Weitzenblum E, Krieger J, Apprill M, Vallée E, Ehrhart M, Ratomaharo J, Oswald M, Kurtz D
Pulmonary Function Laboratory, University Hospital, Strasbourg, France.
Am Rev Respir Dis. 1988 Aug;138(2):345-9. doi: 10.1164/ajrccm/138.2.345.
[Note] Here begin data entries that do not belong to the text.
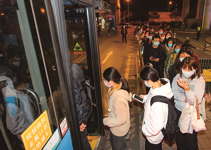 “工作在上海,居住在昆山”,已是不少年轻人的选择。在昆山高铁站,从上海下班回来的年轻打工族正排队转乘公交回家。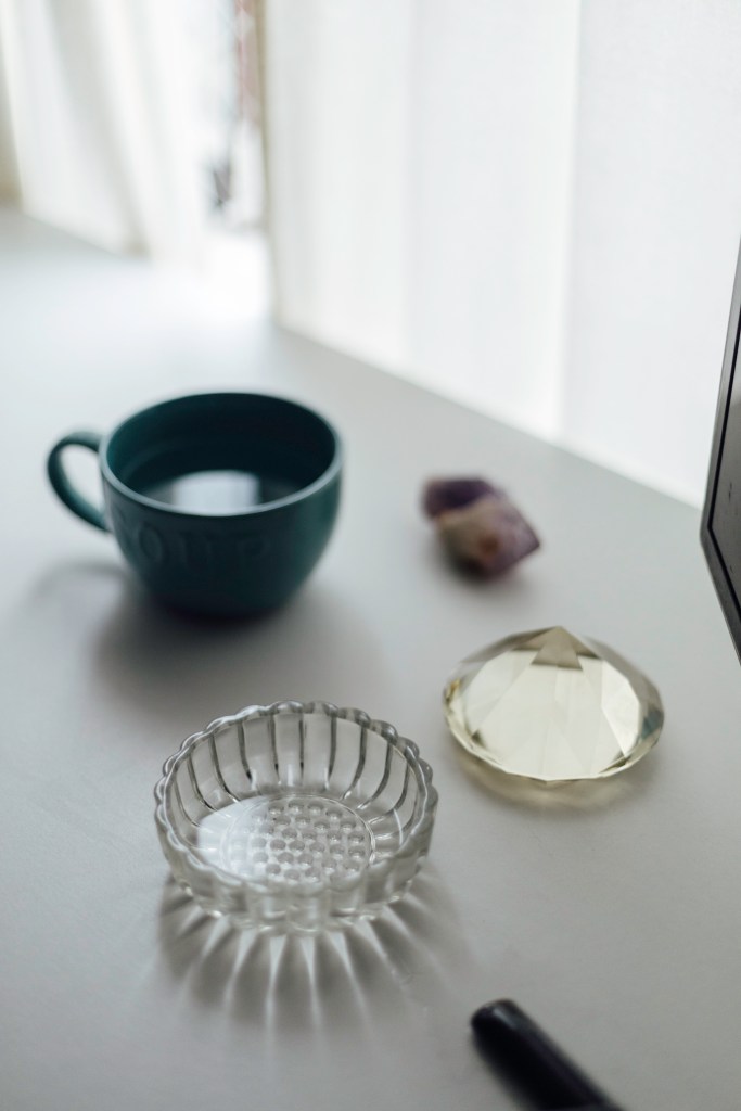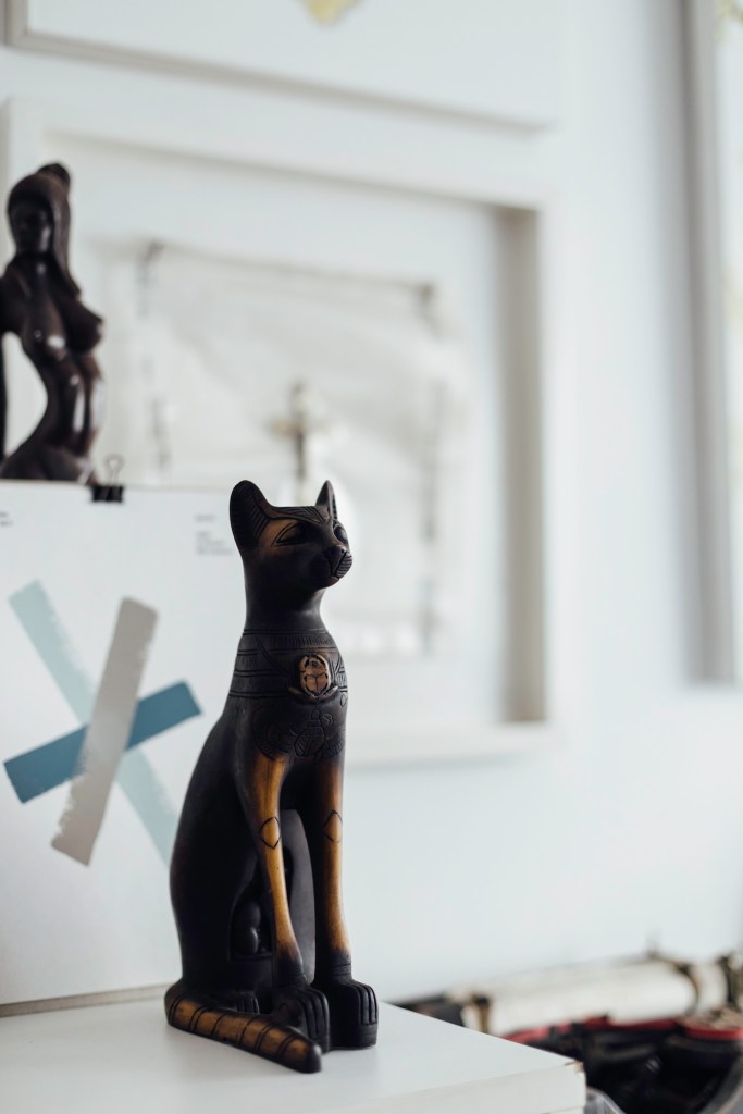 Hace años un amigo la llamó y le dijo: “Basta de juerga, necesitas cuidar algo. ¿No has pensado en tener un gatito?”. Cuando recién adoptó a Misha sentía muchos nervios de esa cosita tan chiquita, tenía miedo de que se fuera a morir. Y se volvió loca por ella. No quería salir. La gente le preguntaba si iría a tal o cual fiesta y ella respondía que no, que se quedaba en casa con su gata. Años después llegó Chorizo, otra gatita, más tímida que Misha, que es una reina. Ambas toman agua en tazas de cerámica y en posavasos de cuarzo: Patty la llama su agüita energética.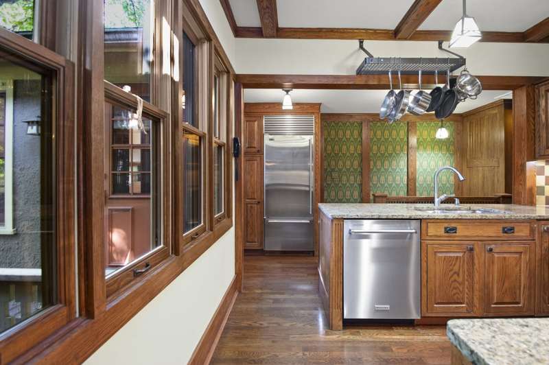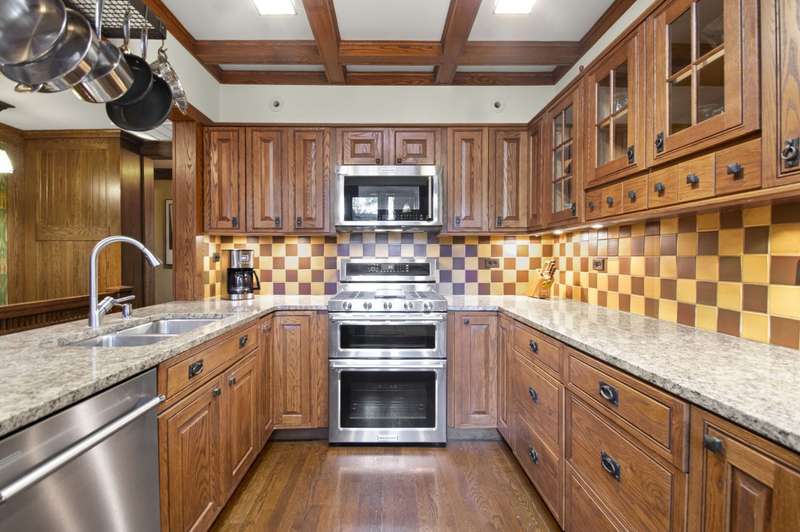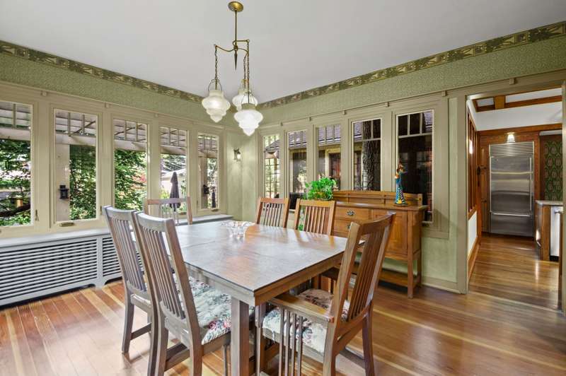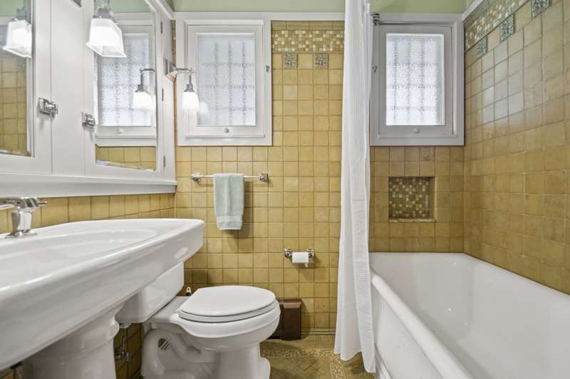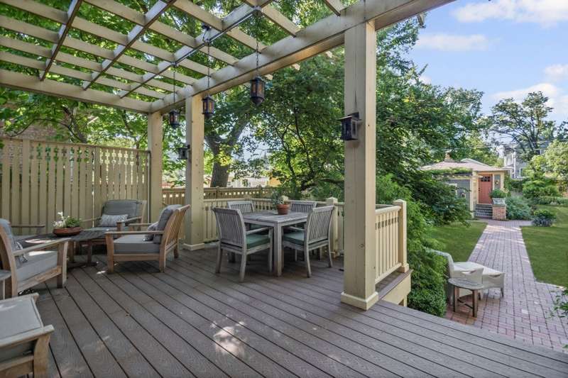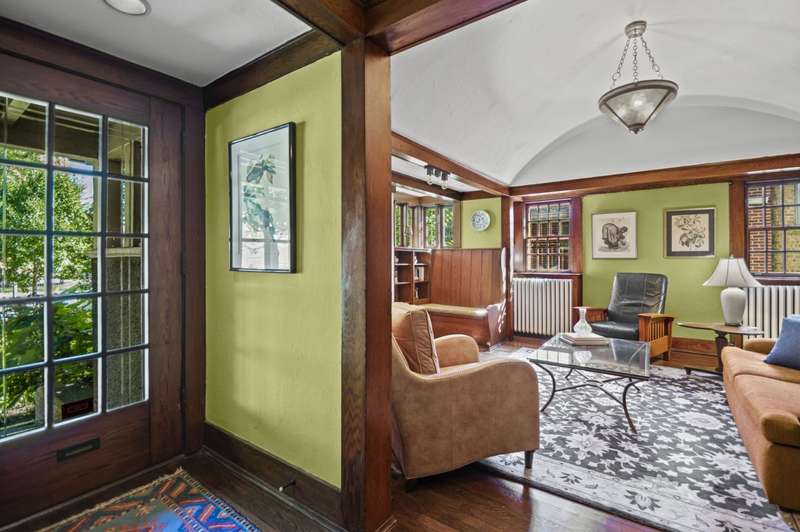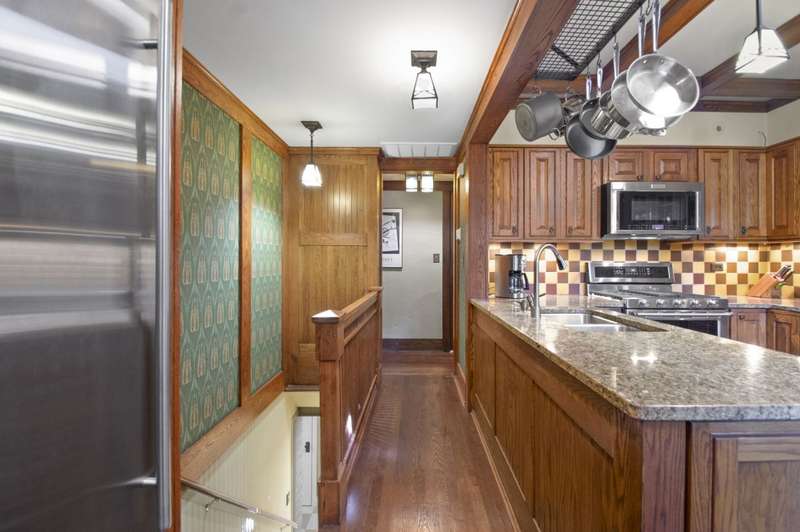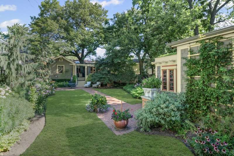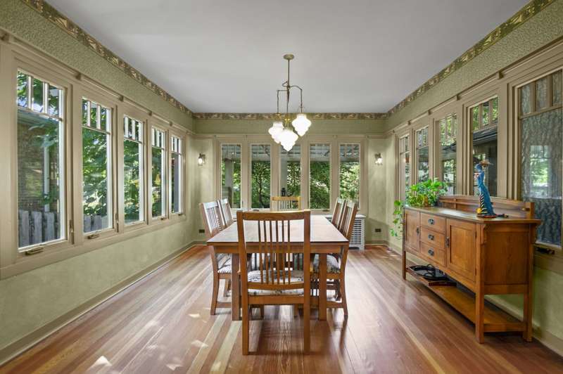 This rare 1911 Craftsman-Style 3 BR / 2 BA bungalow is a true gem in West Ridge, unlike anything else on the Far North Side. Built around a towering red oak tree, this U-shaped stucco home features striking architectural details by renowned architect George W. Maher. Post-and-beam entry porch opens to a barrel-vaulted foyer and living room that make a dramatic first impression with natural oak woodwork, original leaded glass windows and an inglenook gas fireplace with built-in oak benches and bookcases. Separated by French doors, the bright dining room is surrounded on three sides by casement windows, filling the space with abundant natural light. Renovated kitchen offers oak cabinetry with glass-front doors, granite countertops, and a square tile backsplash, complemented by Arts and Crafts inspired pendant lighting and decorative borders, along with a Sub-Zero refrigerator and SS appliances (oven, dishwasher, microwave less than 5 years old). This home was made for entertaining! A back door off the kitchen opens to a generously sized Trex deck (new in 2023) and a beautifully landscaped backyard. The spacious outdoor area features a brick paver patio, tranquil pond, potting shed and a two-car garage - perfect for gatherings or everyday enjoyment. All three bedrooms are generously sized and conveniently located on the first floor, along with a full bathroom - renovated in 2010 to complement the home's vintage charm with the original tub, pedestal sink, classic subway tile, and sconces. Light-filled lower level features an expansive family room w/decorative fireplace and built-in bookshelves (perfect as a home office or additional bedroom), full bath with walk-in shower, large laundry room with chute and ample storage. All big projects are already done for you - roof (2018), water heater (2021), boiler and central air (2022). Only minutes away from Indian Boundary Park, local grocery stores, restaurants, CTA and just 5 blocks to the Metra. This home is meticulously maintained and thoughtfully designed, this remarkable opportunity should not be missed!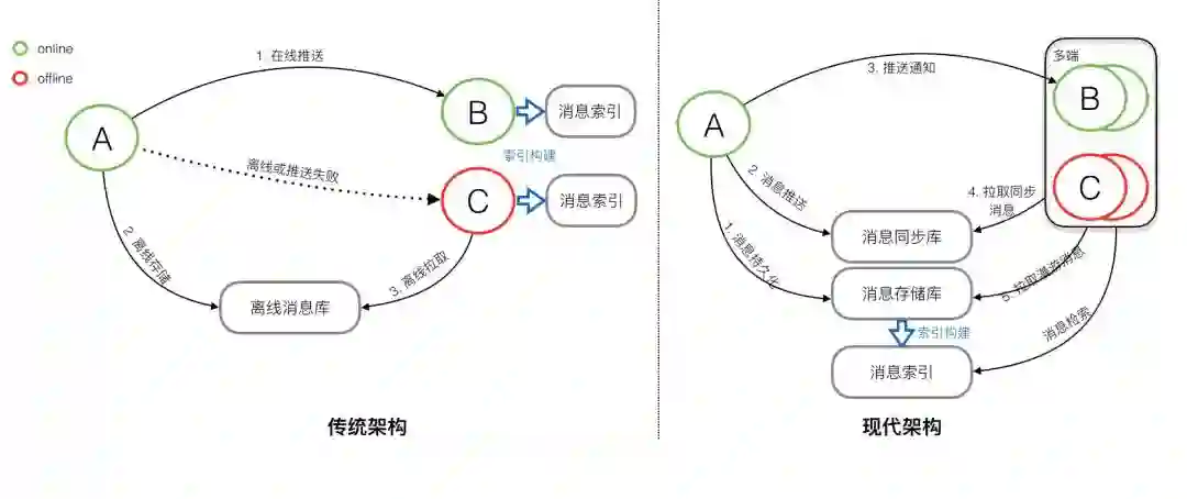 传统架构下,消息是先同步后存储。对于在线的用户,消息会直接实时同步到在线的接收方,消息同步成功后,并不会在服务端持久化。而对于离线的用户或者消息无法实时同步成功时,消息会持久化到离线库,当接收方重新连接后,会从离线库拉取所有未读消息。当离线库中的消息成功同步到接收方后,消息会从离线库中删除。传统的消息系统,服务端的主要工作是维护发送方和接收方的连接状态,并提供在线消息同步和离线消息缓存的能力,保证消息一定能够从发送方传递到接收方。服务端不会对消息进行持久化,所以也无法支持消息漫游。消息的持久化存储及索引同样只能在接收端本地实现,数据可靠性极低。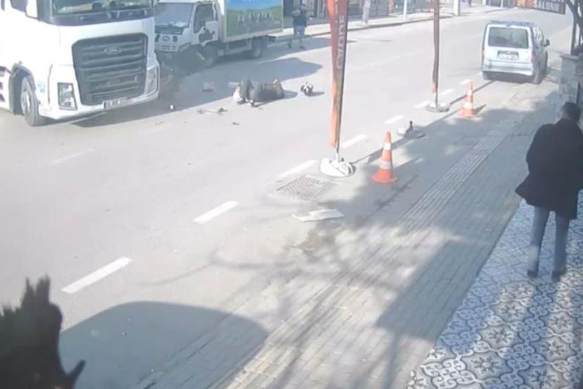 Kaza, merkez Osmangazi ilçesinde meydana geldi. Edinilen bilgiye göre, seyir halindeki motosiklet ara sokaktan anayola çıkan tırla çarpıştı. Kazanın şiddetiyle motosiklet sürücü düşerek yaralandı. O anlar çevrede bulunan bir iş yerinin güvenlik kamerasına yansıdı.

The frequency of daytime pulmonary hypertension (PH) in patients with obstructive sleep apnea syndrome (OSAS) has not been well established and its mechanisms are still under debate. We have thus performed right heart catheterization, in addition to standard spirography and arterial blood gas measurements, in a series of 46 consecutive patients in whom OSAS was firmly diagnosed by whole-night polysomnography. Only 9 of the 46 patients (20%) had PH defined by a mean resting pulmonary arterial pressure (Ppa) greater than or equal to 20 mm Hg. Among the patients without resting PH, 14 had exercising PH (defined by a Ppa greater than 30 mm Hg during 40-watt, steady-state exercise). Patients with resting PH differed from the others by a lower daytime PaO2 (60.8 +/- 7.6 versus 76.2 +/- 9.4 mm Hg; p less than 0.001), a higher daytime PaCO2 (44.6 +/- 4.2 versus 38.0 +/- 4.0 mm Hg; p less than 0.001), and lower VC and FEV1 (p less than 0.001). There was no difference between the 2 groups with regard to apnea index (62 +/- 34 versus 65 +/- 40) or the lowest sleep SaO2 (59 +/- 21 versus 66 +/- 18%) or the time spent in apnea. For the group as a whole, there was a good correlation between Ppa and daytime PaO2 (r = -0.61; p less than 0.001), PaCO2 (r = 0.55; p less than 0.001), and FEV1 (r = -0.52; p less than 0.001), but there was no significant correlation between Ppa and the apnea index, the lowest sleep SaO2, or the time spent in apnea.(ABSTRACT TRUNCATED AT 250 WORDS)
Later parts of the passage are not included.